# Description of the task
Reproduce word for word the lines between those holding "1688新しいバラ茶食品級p" and "半透明白色小塑料袋,里面装着", inclusive, and nothing else from the data below.

# Provided material
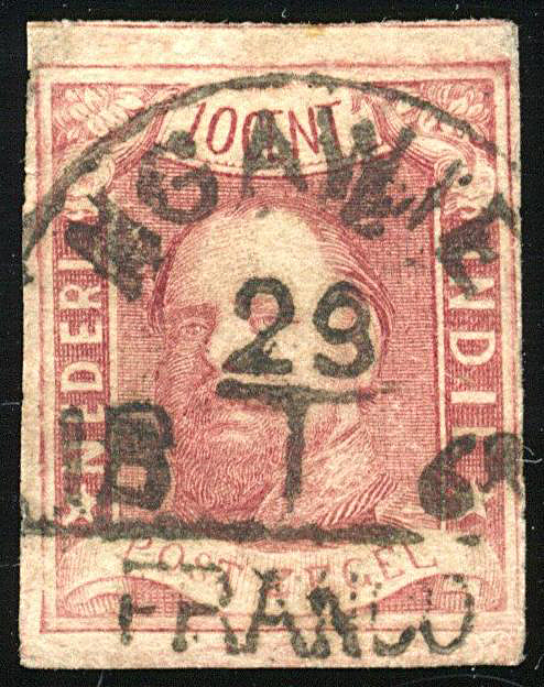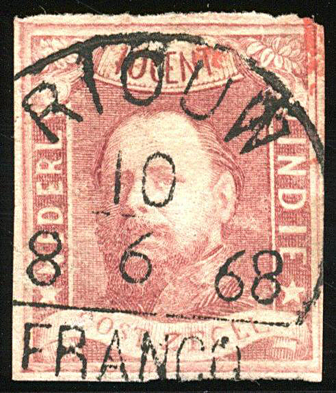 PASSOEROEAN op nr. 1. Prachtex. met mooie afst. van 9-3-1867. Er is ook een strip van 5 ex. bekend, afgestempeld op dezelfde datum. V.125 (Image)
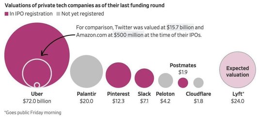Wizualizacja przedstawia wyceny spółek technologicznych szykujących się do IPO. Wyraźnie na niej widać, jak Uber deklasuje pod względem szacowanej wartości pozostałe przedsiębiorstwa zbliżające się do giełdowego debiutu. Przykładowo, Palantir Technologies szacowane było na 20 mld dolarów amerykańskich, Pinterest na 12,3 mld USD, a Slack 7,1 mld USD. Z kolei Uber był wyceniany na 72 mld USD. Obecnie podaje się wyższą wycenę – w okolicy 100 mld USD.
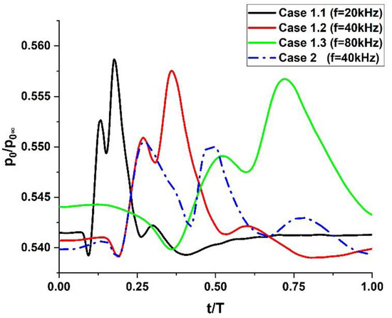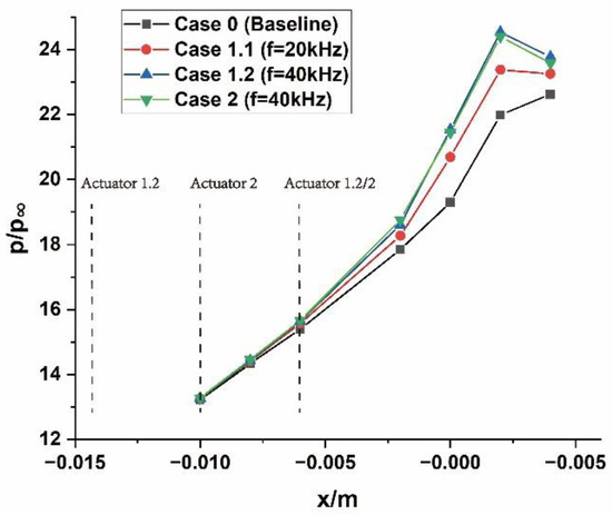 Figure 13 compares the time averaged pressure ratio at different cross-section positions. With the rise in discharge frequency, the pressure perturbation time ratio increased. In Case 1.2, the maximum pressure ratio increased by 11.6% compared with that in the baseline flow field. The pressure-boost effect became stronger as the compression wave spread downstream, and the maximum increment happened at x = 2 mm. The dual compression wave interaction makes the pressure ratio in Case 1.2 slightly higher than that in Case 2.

==

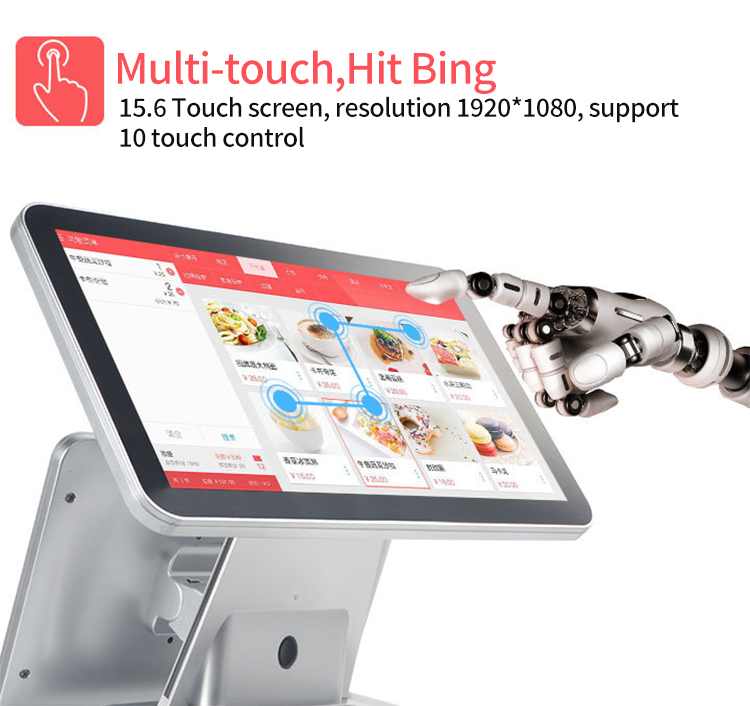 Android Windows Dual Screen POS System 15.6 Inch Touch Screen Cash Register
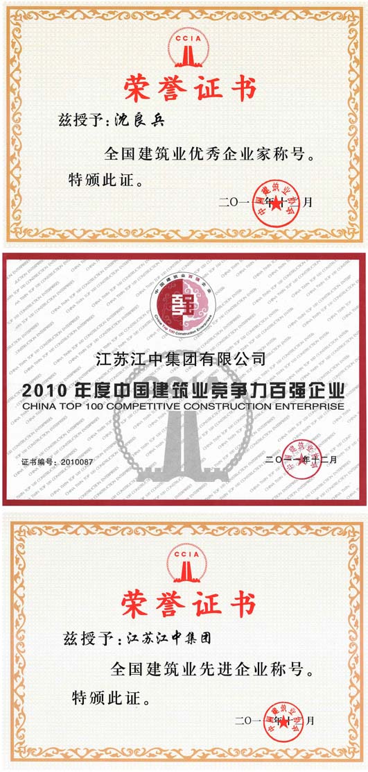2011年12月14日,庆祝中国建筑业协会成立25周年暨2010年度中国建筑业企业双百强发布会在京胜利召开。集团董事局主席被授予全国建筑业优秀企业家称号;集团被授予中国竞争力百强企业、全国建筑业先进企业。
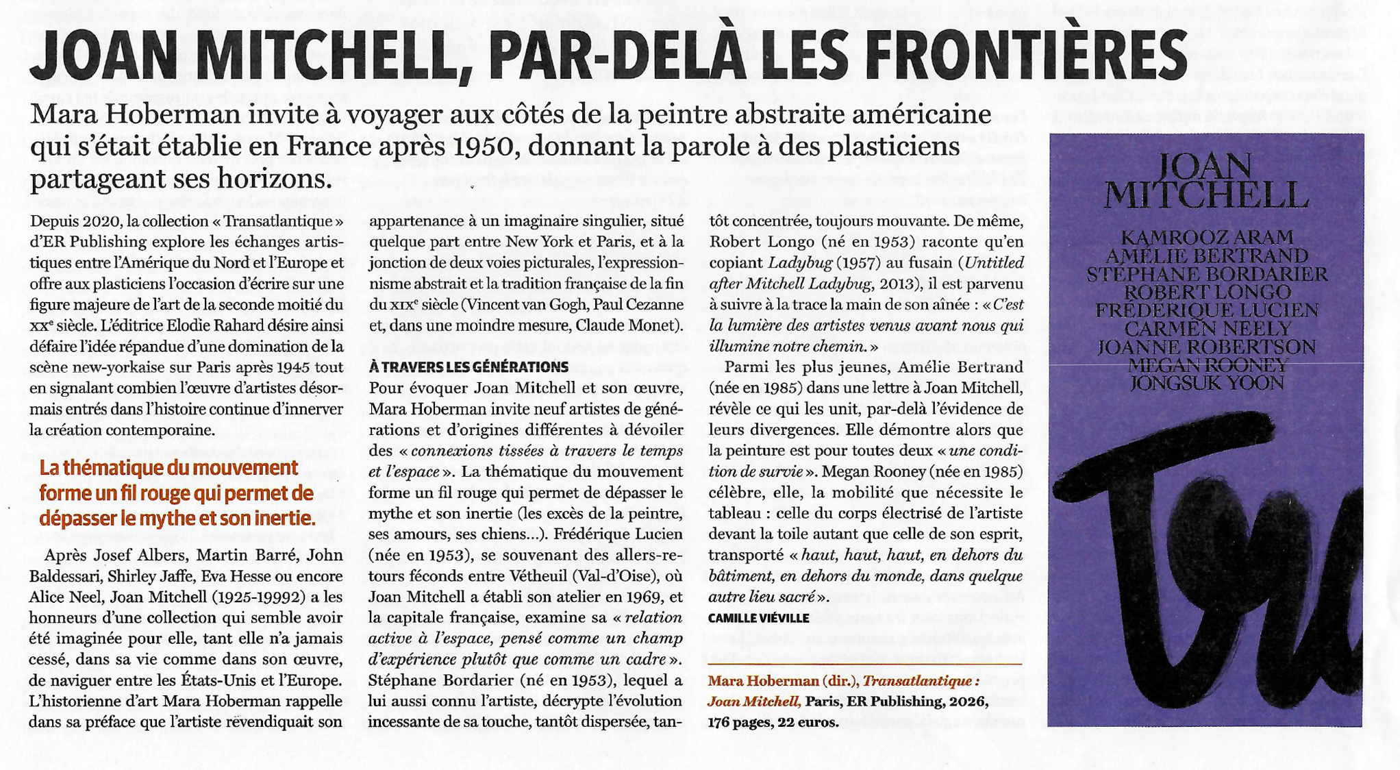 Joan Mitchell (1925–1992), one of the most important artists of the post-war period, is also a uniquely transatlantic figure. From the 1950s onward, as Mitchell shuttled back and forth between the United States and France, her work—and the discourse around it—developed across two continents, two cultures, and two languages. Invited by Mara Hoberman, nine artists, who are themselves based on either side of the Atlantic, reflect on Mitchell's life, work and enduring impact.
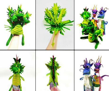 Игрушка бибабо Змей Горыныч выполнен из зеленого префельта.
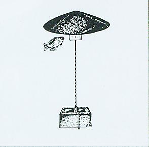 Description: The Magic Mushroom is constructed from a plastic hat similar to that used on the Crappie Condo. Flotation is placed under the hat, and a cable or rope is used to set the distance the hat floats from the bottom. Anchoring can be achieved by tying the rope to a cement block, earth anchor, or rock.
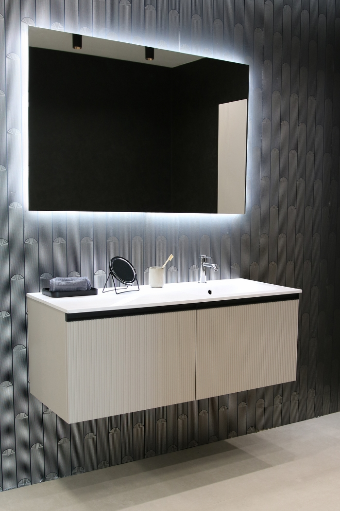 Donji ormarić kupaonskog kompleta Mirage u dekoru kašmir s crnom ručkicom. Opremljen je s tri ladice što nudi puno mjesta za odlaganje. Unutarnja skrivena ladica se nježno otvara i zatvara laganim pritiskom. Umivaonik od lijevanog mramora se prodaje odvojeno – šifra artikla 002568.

...

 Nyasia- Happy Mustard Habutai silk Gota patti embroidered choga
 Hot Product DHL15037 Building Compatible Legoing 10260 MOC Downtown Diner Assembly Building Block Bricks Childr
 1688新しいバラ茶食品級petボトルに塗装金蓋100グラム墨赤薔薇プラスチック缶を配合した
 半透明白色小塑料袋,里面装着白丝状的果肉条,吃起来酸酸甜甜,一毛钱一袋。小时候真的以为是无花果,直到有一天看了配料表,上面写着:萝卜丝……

# Written solution
 1688新しいバラ茶食品級petボトルに塗装金蓋100グラム墨赤薔薇プラスチック缶を配合した
 半透明白色小塑料袋,里面装着白丝状的果肉条,吃起来酸酸甜甜,一毛钱一袋。小时候真的以为是无花果,直到有一天看了配料表,上面写着:萝卜丝……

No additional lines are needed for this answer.